Content starts

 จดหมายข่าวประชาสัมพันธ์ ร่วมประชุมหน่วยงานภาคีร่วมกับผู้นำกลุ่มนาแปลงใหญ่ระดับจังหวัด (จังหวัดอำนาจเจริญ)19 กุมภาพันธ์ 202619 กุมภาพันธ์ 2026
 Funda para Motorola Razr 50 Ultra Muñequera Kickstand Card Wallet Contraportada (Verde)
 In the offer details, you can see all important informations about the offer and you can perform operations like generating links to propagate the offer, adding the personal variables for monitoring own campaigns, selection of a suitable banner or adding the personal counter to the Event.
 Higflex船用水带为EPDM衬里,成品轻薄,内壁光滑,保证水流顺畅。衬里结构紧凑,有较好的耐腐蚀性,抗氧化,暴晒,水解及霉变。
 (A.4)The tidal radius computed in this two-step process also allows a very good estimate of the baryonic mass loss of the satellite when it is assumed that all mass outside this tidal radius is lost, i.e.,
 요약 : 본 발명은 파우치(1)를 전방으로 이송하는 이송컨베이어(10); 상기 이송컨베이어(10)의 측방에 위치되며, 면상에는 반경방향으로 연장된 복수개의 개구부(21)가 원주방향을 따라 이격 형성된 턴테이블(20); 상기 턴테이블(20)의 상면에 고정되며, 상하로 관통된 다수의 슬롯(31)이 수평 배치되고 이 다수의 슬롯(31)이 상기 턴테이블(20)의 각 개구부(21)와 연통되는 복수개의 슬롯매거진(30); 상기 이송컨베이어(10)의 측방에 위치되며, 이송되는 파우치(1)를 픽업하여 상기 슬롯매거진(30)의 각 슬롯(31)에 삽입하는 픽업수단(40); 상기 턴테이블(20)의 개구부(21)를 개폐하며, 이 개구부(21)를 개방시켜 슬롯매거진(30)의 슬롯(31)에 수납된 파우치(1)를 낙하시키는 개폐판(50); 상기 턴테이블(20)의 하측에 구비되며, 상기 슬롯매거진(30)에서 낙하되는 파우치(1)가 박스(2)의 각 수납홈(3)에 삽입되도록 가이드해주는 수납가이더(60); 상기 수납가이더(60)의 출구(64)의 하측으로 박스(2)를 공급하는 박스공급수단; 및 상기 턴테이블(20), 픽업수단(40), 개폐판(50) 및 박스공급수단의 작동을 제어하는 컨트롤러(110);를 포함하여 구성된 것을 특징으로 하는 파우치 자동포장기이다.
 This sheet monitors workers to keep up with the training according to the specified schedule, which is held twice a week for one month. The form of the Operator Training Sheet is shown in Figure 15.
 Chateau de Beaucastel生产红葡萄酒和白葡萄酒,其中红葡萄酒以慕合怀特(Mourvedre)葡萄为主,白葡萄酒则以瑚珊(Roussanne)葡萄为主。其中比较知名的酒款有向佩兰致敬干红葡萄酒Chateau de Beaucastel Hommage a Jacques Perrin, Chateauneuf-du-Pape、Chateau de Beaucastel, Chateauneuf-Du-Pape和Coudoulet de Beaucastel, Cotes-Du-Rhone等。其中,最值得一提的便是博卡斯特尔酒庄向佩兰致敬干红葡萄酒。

Content ends

TASK TO COMPLETE
Give back the complete data, each line unchanged.

ANSWER BELOW
 จดหมายข่าวประชาสัมพันธ์ ร่วมประชุมหน่วยงานภาคีร่วมกับผู้นำกลุ่มนาแปลงใหญ่ระดับจังหวัด (จังหวัดอำนาจเจริญ)19 กุมภาพันธ์ 202619 กุมภาพันธ์ 2026
 Funda para Motorola Razr 50 Ultra Muñequera Kickstand Card Wallet Contraportada (Verde)
 In the offer details, you can see all important informations about the offer and you can perform operations like generating links to propagate the offer, adding the personal variables for monitoring own campaigns, selection of a suitable banner or adding the personal counter to the Event.
 Higflex船用水带为EPDM衬里,成品轻薄,内壁光滑,保证水流顺畅。衬里结构紧凑,有较好的耐腐蚀性,抗氧化,暴晒,水解及霉变。
 (A.4)The tidal radius computed in this two-step process also allows a very good estimate of the baryonic mass loss of the satellite when it is assumed that all mass outside this tidal radius is lost, i.e.,
 요약 : 본 발명은 파우치(1)를 전방으로 이송하는 이송컨베이어(10); 상기 이송컨베이어(10)의 측방에 위치되며, 면상에는 반경방향으로 연장된 복수개의 개구부(21)가 원주방향을 따라 이격 형성된 턴테이블(20); 상기 턴테이블(20)의 상면에 고정되며, 상하로 관통된 다수의 슬롯(31)이 수평 배치되고 이 다수의 슬롯(31)이 상기 턴테이블(20)의 각 개구부(21)와 연통되는 복수개의 슬롯매거진(30); 상기 이송컨베이어(10)의 측방에 위치되며, 이송되는 파우치(1)를 픽업하여 상기 슬롯매거진(30)의 각 슬롯(31)에 삽입하는 픽업수단(40); 상기 턴테이블(20)의 개구부(21)를 개폐하며, 이 개구부(21)를 개방시켜 슬롯매거진(30)의 슬롯(31)에 수납된 파우치(1)를 낙하시키는 개폐판(50); 상기 턴테이블(20)의 하측에 구비되며, 상기 슬롯매거진(30)에서 낙하되는 파우치(1)가 박스(2)의 각 수납홈(3)에 삽입되도록 가이드해주는 수납가이더(60); 상기 수납가이더(60)의 출구(64)의 하측으로 박스(2)를 공급하는 박스공급수단; 및 상기 턴테이블(20), 픽업수단(40), 개폐판(50) 및 박스공급수단의 작동을 제어하는 컨트롤러(110);를 포함하여 구성된 것을 특징으로 하는 파우치 자동포장기이다.
 This sheet monitors workers to keep up with the training according to the specified schedule, which is held twice a week for one month. The form of the Operator Training Sheet is shown in Figure 15.
 Chateau de Beaucastel生产红葡萄酒和白葡萄酒,其中红葡萄酒以慕合怀特(Mourvedre)葡萄为主,白葡萄酒则以瑚珊(Roussanne)葡萄为主。其中比较知名的酒款有向佩兰致敬干红葡萄酒Chateau de Beaucastel Hommage a Jacques Perrin, Chateauneuf-du-Pape、Chateau de Beaucastel, Chateauneuf-Du-Pape和Coudoulet de Beaucastel, Cotes-Du-Rhone等。其中,最值得一提的便是博卡斯特尔酒庄向佩兰致敬干红葡萄酒。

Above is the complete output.